Statement from the Canadian Medical Association - June 6, 2013
06 Jun, 2013, 15:44 ET
OTTAWA, June 6, 2013 /CNW/ - Today in the House of Commons, Health Minister Leona Aglukkaq introduced new legislation, Bill C-65, An act to amend the controlled drugs and substances act (Respect for communities act). This legislation follows the 2011 ruling of the Supreme Court of Canada that required the federal government to grant an exemption for the Insite supervised injection site in Vancouver.
Supervised injection programs are an important harm reduction strategy. Harm reduction is a central pillar in a comprehensive public health approach to disease prevention and health promotion.
In a preliminary assessment based on initial review of the Bill, the CMA is deeply concerned that the proposed legislation may be creating unnecessary obstacles and burdens that could ultimately deter creation of more injection sites.
The CMA had intervened before the Supreme Court to support Insite. The unanimous decision was grounded in evidence, not ideology. The overwhelming clinical evidence is that centres like Insite save lives when it comes to some of our most vulnerable patient populations. In its ruling, the Supreme Court stated that "… the evidence indicates that a supervised injection site will decrease the risk of death and disease, and there is little or no evidence that it will have a negative impact on public safety, the Minister should generally grant an exemption." What we have seen today seems to contradict the essence of the ruling.

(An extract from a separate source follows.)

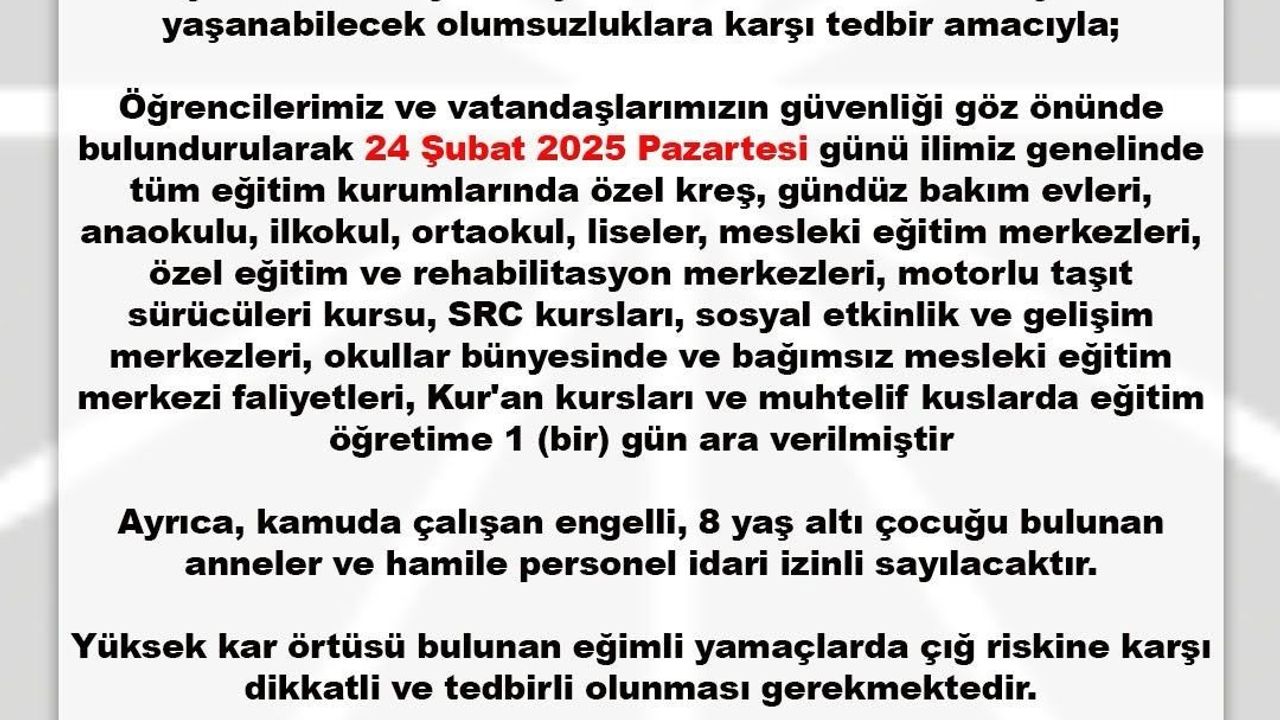 Rize Valiliği tarafından yapılan açıklamada, 23 Şubat Pazartesi günü il genelinde eğitim-öğretime 1 gün ara verildiği ifade edildi. Açıklamada, "İlimiz genelinde devam eden yoğun kar yağışı ve soğuk hava koşulları nedeniyle oluşabilecek buzlanma ve ulaşımda yaşanabilecek olumsuzluklara karsı tedbir amacıyla öğrencilerimiz ve vatandaşlarımızın güvenliği göz önünde bulundurularak 24 Şubat 2025 Pazartesi günü ilimiz genelinde tüm eğitim kurumlarında eğitim-öğretime 1 gün ara verilmiştir. Ayrıca kamuda çalışan engelli, 8 yaş altı çocuğu bulunan anneler ve hamile personel idari izinli sayılacaktır. Yüksek kar örtüsü bulunan eğimli yamaçlarda çığ riskine karşı dikkatli ve tedbirli olunması gerekmektedir" denildi.

Bill C-65 places the onus completely on the applicant to fulfil stakeholder, government and community consultation requirements.

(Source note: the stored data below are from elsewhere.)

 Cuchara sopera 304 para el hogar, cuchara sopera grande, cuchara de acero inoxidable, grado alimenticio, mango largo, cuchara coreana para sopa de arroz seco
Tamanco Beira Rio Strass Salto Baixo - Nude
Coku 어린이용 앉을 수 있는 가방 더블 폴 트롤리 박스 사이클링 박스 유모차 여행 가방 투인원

The CMA fully endorses the existence of these harm-reduction tools, including supervised injection sites, and believes they should be included in a comprehensive national drug strategy. The CMA's position is founded upon clinical evidence. Bill C-65, it would appear, is founded upon ideology that seeks to hinder initiatives to mitigate the very real challenges and great personal harm caused by drug abuse.